**What to produce:** Your answer should hold exactly the lines beginning with the one that contains "Interesting lot of" and ending with the last line of the material, both included. Leave every picture out.

**Supplied records:**
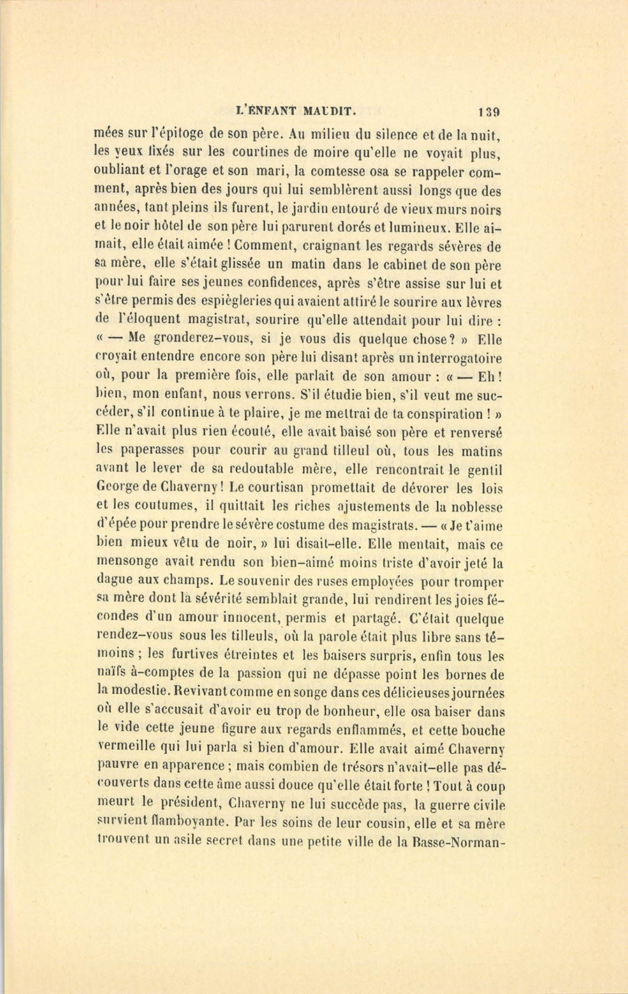 {p. 141} – Ah ! pauvre Chaverny ! s’écria-t-elle en pleurant, toi si soumis, si gracieux, tu m’as toujours été bienfaisant !
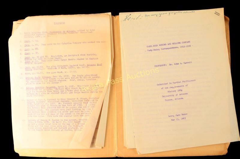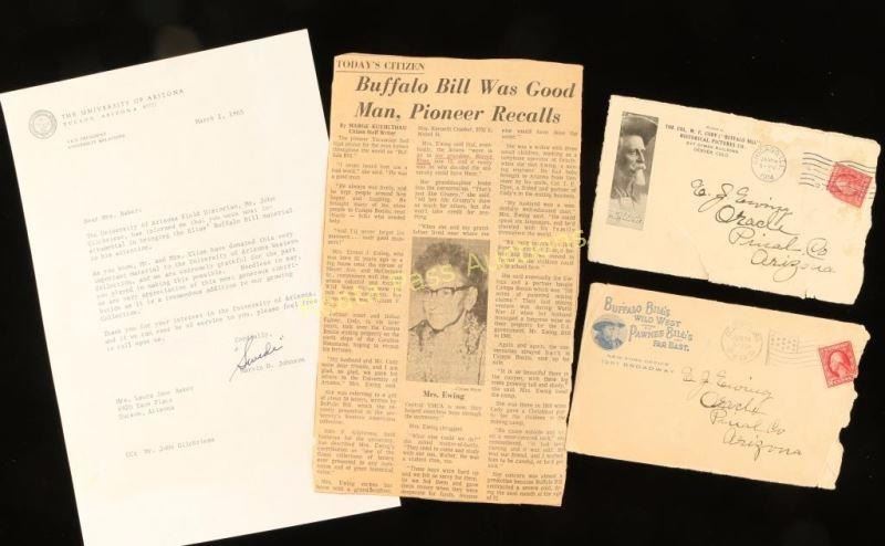 Interesting lot of envelopes and documented correspondence, both addressed by Cody to E.J. Ewing a mining engineer who worked for Cody and (3) typed copies of 1965 college paper Cody/Dyer Mining & Milling Co. 1912-1916 envelopes. (1) envelope which has Buffalo Bills Wild West combined with Pawnee Bill Far East return address from his New York Office 1261 Broadway, and the other is from Colonel W.F. Cody historical pictures Denver, CO and stamped from the post office in Chicago, Il. dated Jan. 24, 1914. Also a letter from Marvin Johnson to Mrs. Baker who was a field historian for U of Arizona, Tucson who was talking about the wife of Ewing.
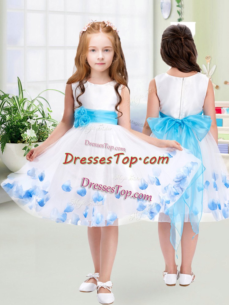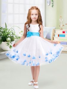 Scoop Sleeveless Little Girls Pageant Dress Knee Length Appliques and Belt White Tulle
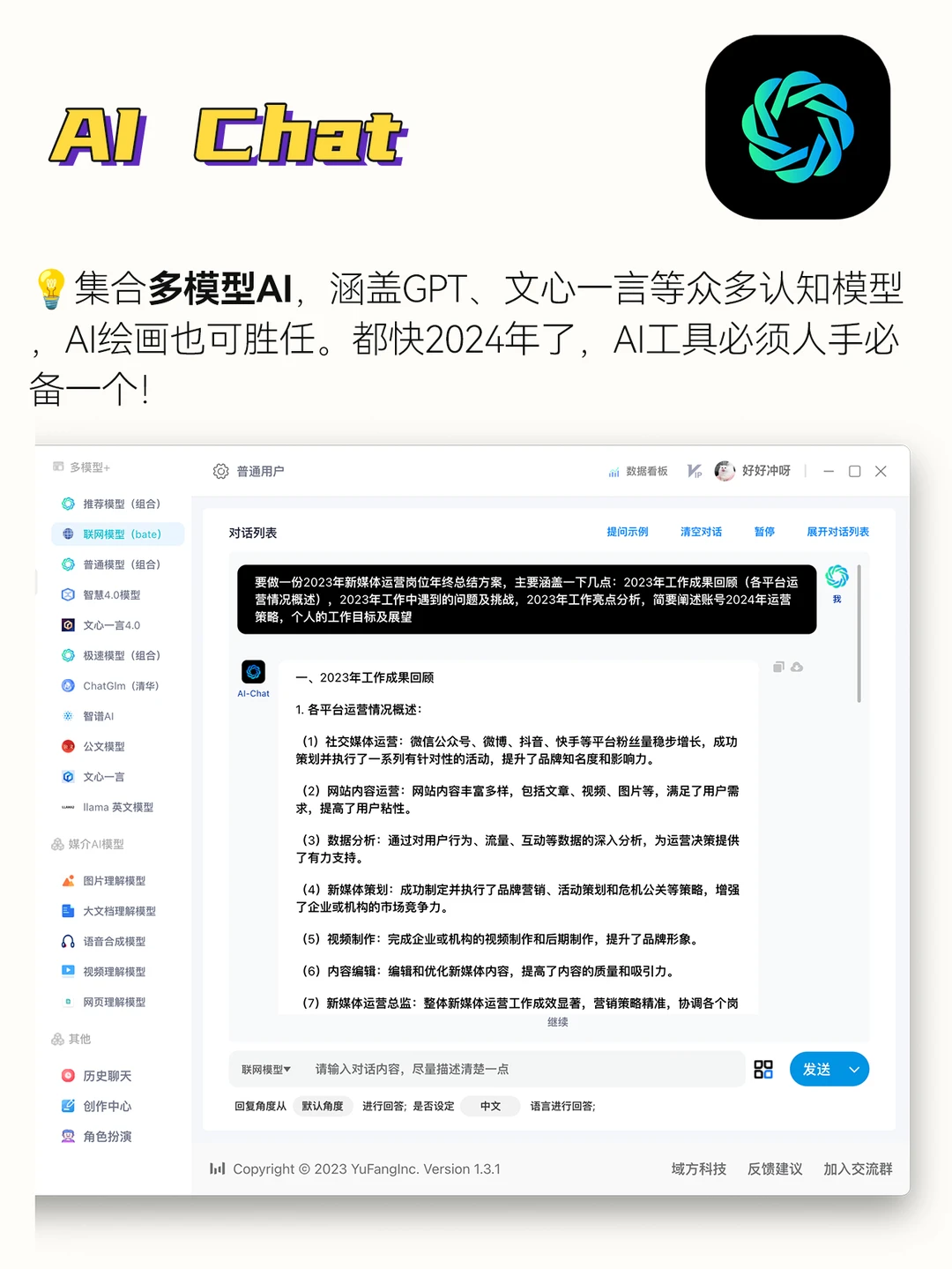 集合多模型AI,涵盖GPT、文心一言等众多认知模型,AI绘画也可胜任。都快2024年了,AI工具必须人手必备一个!
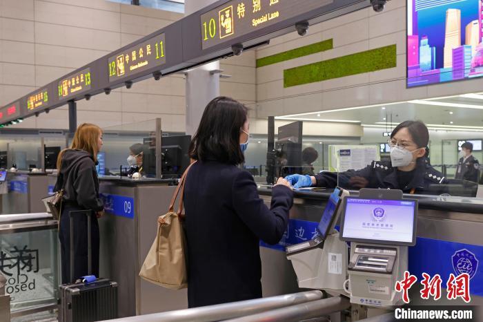 資料圖:虹橋邊檢站民警在對(duì)出境旅客進(jìn)行信息核查?!∫罅⑶?攝
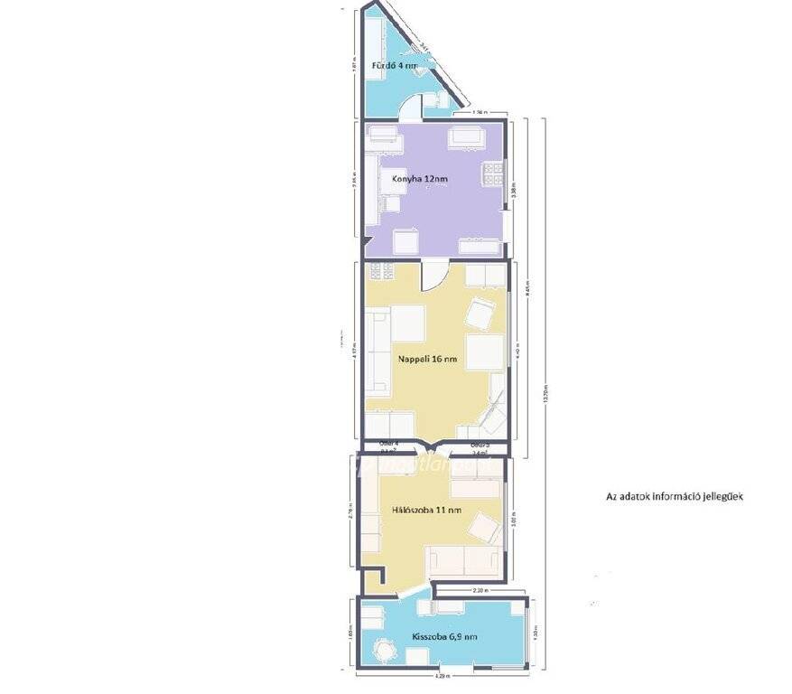 A lakás 2 és fél szobás elrendezésű, praktikus kialakításának köszönhetően kényelmes életteret biztosít akár családok számára is. Déli fekvésének köszönhetően világos, napfényes helyiségek jellemzik egész nap.
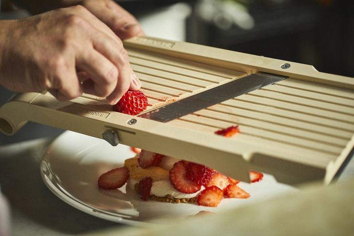 神戸からパティシエのキャリアをスタート。パリへ渡り、フランス菓子の現場で研鑽を積んだのち、日本の食文化について長い歴史を持つ京都へ。京都で開いた自身の店ではアシスタントを入れず、提供するすべてのデザートを素材の見極めから下ごしらえまですべて山本シェフが行います。だから全6席、1日3部制の完全予約制なのです。

**Answer:**
 Interesting lot of envelopes and documented correspondence, both addressed by Cody to E.J. Ewing a mining engineer who worked for Cody and (3) typed copies of 1965 college paper Cody/Dyer Mining & Milling Co. 1912-1916 envelopes. (1) envelope which has Buffalo Bills Wild West combined with Pawnee Bill Far East return address from his New York Office 1261 Broadway, and the other is from Colonel W.F. Cody historical pictures Denver, CO and stamped from the post office in Chicago, Il. dated Jan. 24, 1914. Also a letter from Marvin Johnson to Mrs. Baker who was a field historian for U of Arizona, Tucson who was talking about the wife of Ewing.
 Scoop Sleeveless Little Girls Pageant Dress Knee Length Appliques and Belt White Tulle
 集合多模型AI,涵盖GPT、文心一言等众多认知模型,AI绘画也可胜任。都快2024年了,AI工具必须人手必备一个!
 資料圖:虹橋邊檢站民警在對(duì)出境旅客進(jìn)行信息核查?!∫罅⑶?攝
 A lakás 2 és fél szobás elrendezésű, praktikus kialakításának köszönhetően kényelmes életteret biztosít akár családok számára is. Déli fekvésének köszönhetően világos, napfényes helyiségek jellemzik egész nap.
 神戸からパティシエのキャリアをスタート。パリへ渡り、フランス菓子の現場で研鑽を積んだのち、日本の食文化について長い歴史を持つ京都へ。京都で開いた自身の店ではアシスタントを入れず、提供するすべてのデザートを素材の見極めから下ごしらえまですべて山本シェフが行います。だから全6席、1日3部制の完全予約制なのです。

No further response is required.